** Opening Data block **
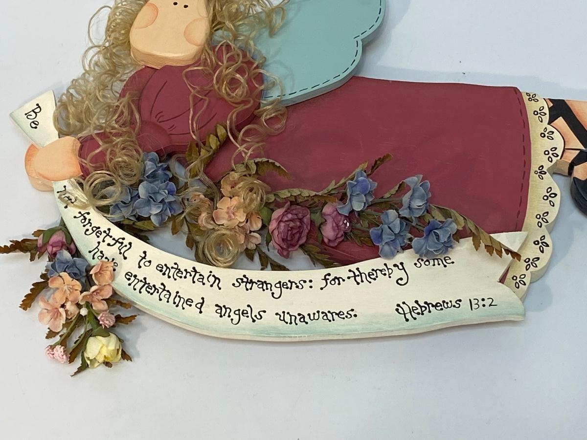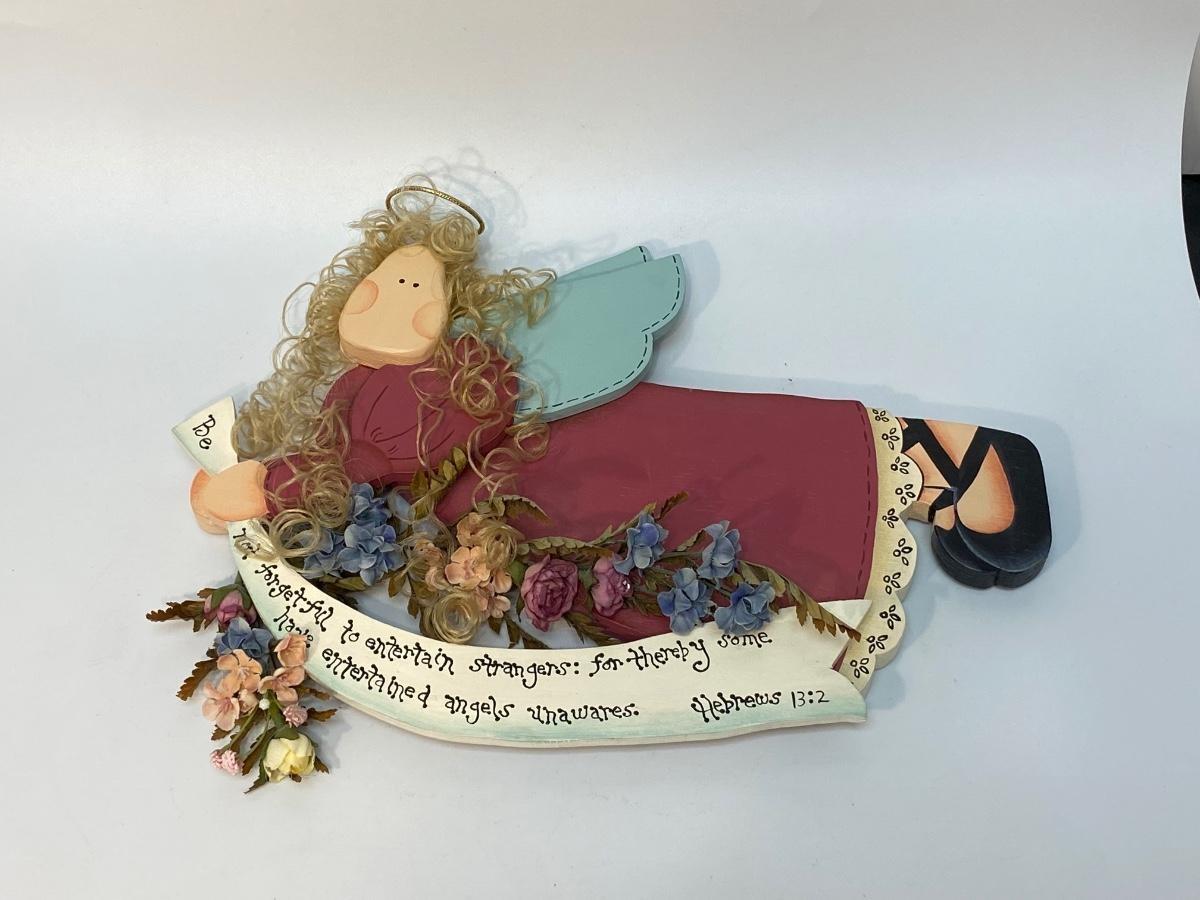 Tole painted wood angel with Biblical scripture from Hebrews 13:2. Wall hanging, handmade, good condition. About 12" length.
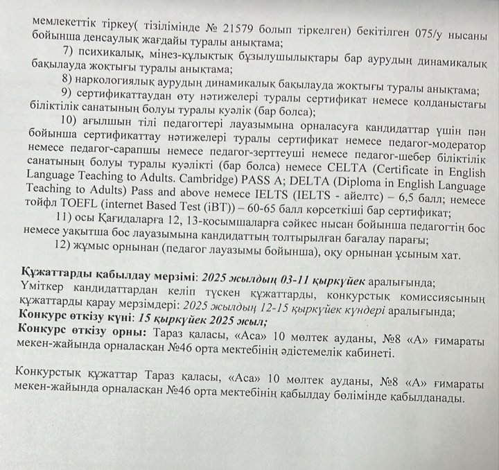 Тұрақты бос орынға конкурс жариялайды
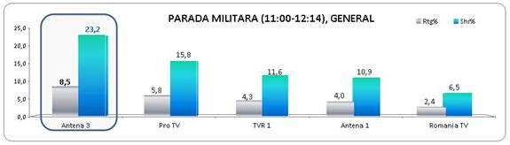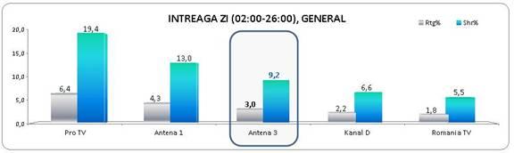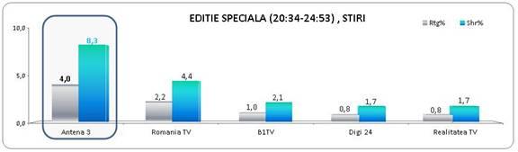 Programul Antena 3 a obţinut o medie de 4% rating şi 8,3% cotă de piaţă, o audienţă aproape dublă faţă de următorul competitor clasat.
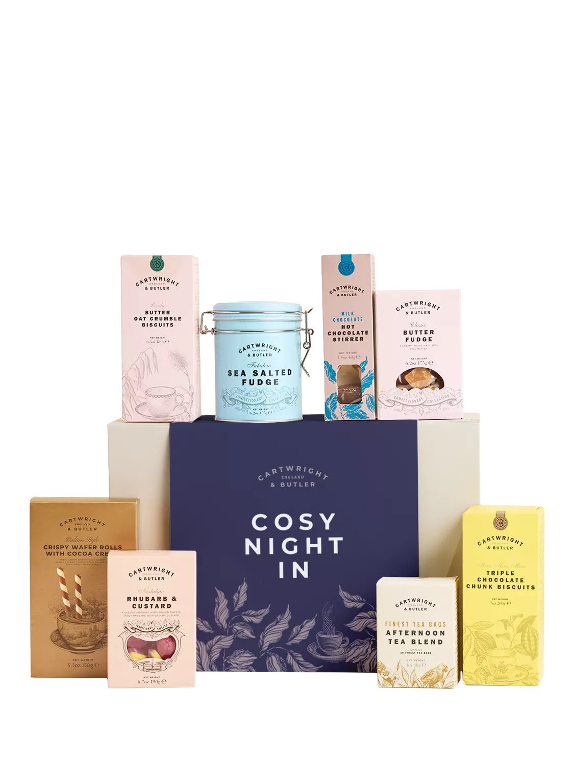 Grab the blankets, light the fire, pop your favourite film on the TV and snuggle up with Cartwright & Butler's Cosy Night in Treat Box. Containing all the essentials for a relaxed, indulgent evening, the Cosy Night in Treat Box contains a wide variety of treats for all the family to enjoy. Featuring delicious hot drinks including our classic afternoon tea blend, and milk hot chocolate stirrer, irresistible when stirred into warm milk. The set offers a variety of biscuits and sweet treats, including Triple Chocolate Chunk Biscuits, Crispy Wafer Rolls, Butter Oat Crumbles and Sea Salted Fudge.
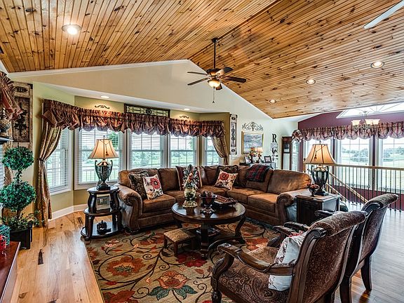Elegant cottage style & English countryside charm, make this home so appealing to Dale Hollow Lake (2 miles) and land lovers (3.4 ac). Instantly you're greeted with impeccable landscaping from a variety of fruit and Magnolia trees, roses and hydrangeas (even a grapevine or 2) polished off with trimmed boxwoods, leading to a super spacious (3600 sft) delightful serendipitous family home w/ all perks you could want:Anderson windows (super views of Mtns and meadows), Hickory and tile floors (no carpet) gas FP, granite tops, custom cherry cabinets thruout, open dining,kitchen,living (+bar seating) T&G vaulted, main-level master suite and guest bedrms 2&3, full bath, XL laundry (sink,wall iron board)walk in pantry, lots of closets. Lower level den, office, music rm, 2nd master suite, mech. rm, plus trex upper deck and lower flagstone patio, gazebo & fire pit, 26x26 garage & 30x50 man cave PLUS 3.4 fenced acs (horses) Duel fuel HVAC, PEX plumbing, tankless W/H, sauna shower, stainless appl!
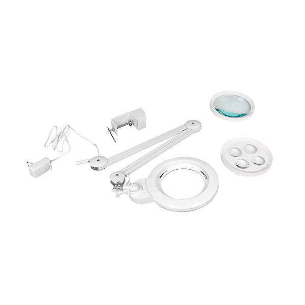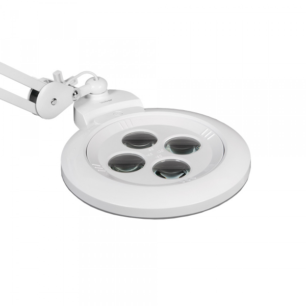 Лупа-лампа Veber 8608D LED Bi-color со сменными линзами на струбцине с регулировкой яркости и цветовой температуры, позволяет удобно работать с микро и мини электронными компонентами или печатными платами с плотным монтажом. Для использования лампы-лупы косметологами, важную роль играют возможность получения бестеневого освещения и возможность настройки цветовой температуры, так как цветовая температура — один из самых важных параметров осветителя. Она имеет влияние не только на восприятие света человеческим глазом, но и на цветопередачу окружающих предметов. Лампа найдёт применение в ювелирных мастерских, в химических лабораториях, полиграфии, филателии, ювелирном деле, а также при работе с документами. Кроме того, поможет в бытовых целях — для чтения, рисования, шитья, вышивания, моделирования — везде, где требуется хорошее освещение поля зрения и возможность выбора необходимого увеличения.
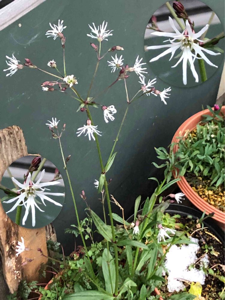 御近所さんの軒下で揺れてる白い🎇のような…サクラマンテマじゃないよね?
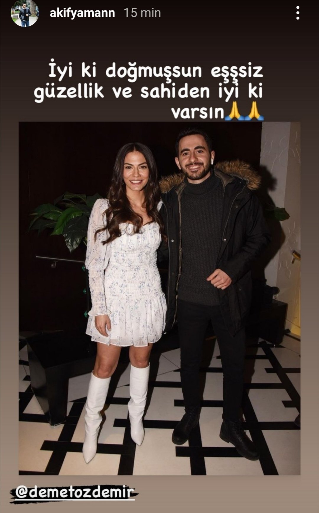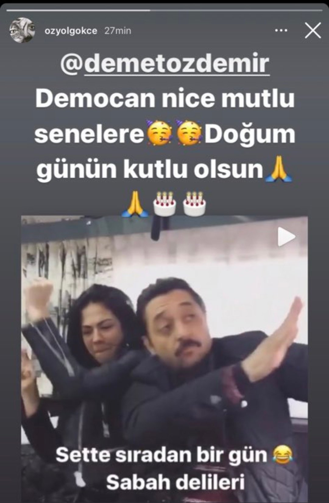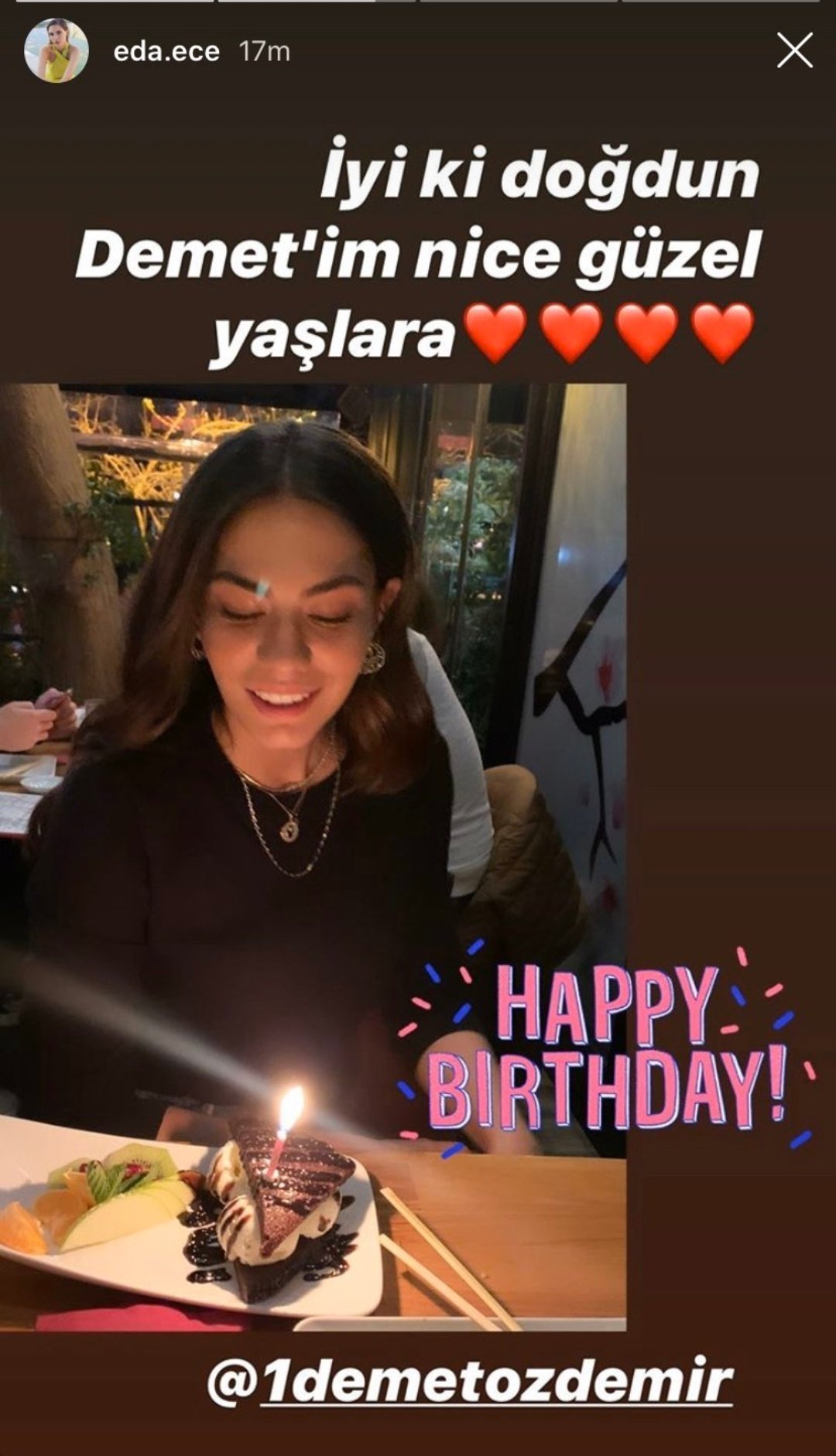 Честитки от екранните ѝ майки Сенан (Нермин), Зухал (Сакине), Инджи (Бенал), оператора Бурак, фотографа Мортеза, Башак и Севинч от Птичката, колегите от No. 309 - Сумру, Фатма, Фатих (д-р Онур) и Гьокче (Куртулуш), фризьорът Ондер, репортерът Акиф, Еда Едже, другата сестра Зенгин - Бану и т.н., и т.н. Wear Crown
** Closing Data block **
● Work to complete:
Reproduce the records in full and leave the images behind.

● Final answer:
 Tole painted wood angel with Biblical scripture from Hebrews 13:2. Wall hanging, handmade, good condition. About 12" length.
 Тұрақты бос орынға конкурс жариялайды
 Programul Antena 3 a obţinut o medie de 4% rating şi 8,3% cotă de piaţă, o audienţă aproape dublă faţă de următorul competitor clasat.
 Grab the blankets, light the fire, pop your favourite film on the TV and snuggle up with Cartwright & Butler's Cosy Night in Treat Box. Containing all the essentials for a relaxed, indulgent evening, the Cosy Night in Treat Box contains a wide variety of treats for all the family to enjoy. Featuring delicious hot drinks including our classic afternoon tea blend, and milk hot chocolate stirrer, irresistible when stirred into warm milk. The set offers a variety of biscuits and sweet treats, including Triple Chocolate Chunk Biscuits, Crispy Wafer Rolls, Butter Oat Crumbles and Sea Salted Fudge.
Elegant cottage style & English countryside charm, make this home so appealing to Dale Hollow Lake (2 miles) and land lovers (3.4 ac). Instantly you're greeted with impeccable landscaping from a variety of fruit and Magnolia trees, roses and hydrangeas (even a grapevine or 2) polished off with trimmed boxwoods, leading to a super spacious (3600 sft) delightful serendipitous family home w/ all perks you could want:Anderson windows (super views of Mtns and meadows), Hickory and tile floors (no carpet) gas FP, granite tops, custom cherry cabinets thruout, open dining,kitchen,living (+bar seating) T&G vaulted, main-level master suite and guest bedrms 2&3, full bath, XL laundry (sink,wall iron board)walk in pantry, lots of closets. Lower level den, office, music rm, 2nd master suite, mech. rm, plus trex upper deck and lower flagstone patio, gazebo & fire pit, 26x26 garage & 30x50 man cave PLUS 3.4 fenced acs (horses) Duel fuel HVAC, PEX plumbing, tankless W/H, sauna shower, stainless appl!
 Лупа-лампа Veber 8608D LED Bi-color со сменными линзами на струбцине с регулировкой яркости и цветовой температуры, позволяет удобно работать с микро и мини электронными компонентами или печатными платами с плотным монтажом. Для использования лампы-лупы косметологами, важную роль играют возможность получения бестеневого освещения и возможность настройки цветовой температуры, так как цветовая температура — один из самых важных параметров осветителя. Она имеет влияние не только на восприятие света человеческим глазом, но и на цветопередачу окружающих предметов. Лампа найдёт применение в ювелирных мастерских, в химических лабораториях, полиграфии, филателии, ювелирном деле, а также при работе с документами. Кроме того, поможет в бытовых целях — для чтения, рисования, шитья, вышивания, моделирования — везде, где требуется хорошее освещение поля зрения и возможность выбора необходимого увеличения.
 御近所さんの軒下で揺れてる白い🎇のような…サクラマンテマじゃないよね?
 Честитки от екранните ѝ майки Сенан (Нермин), Зухал (Сакине), Инджи (Бенал), оператора Бурак, фотографа Мортеза, Башак и Севинч от Птичката, колегите от No. 309 - Сумру, Фатма, Фатих (д-р Онур) и Гьокче (Куртулуш), фризьорът Ондер, репортерът Акиф, Еда Едже, другата сестра Зенгин - Бану и т.н., и т.н. Wear Crown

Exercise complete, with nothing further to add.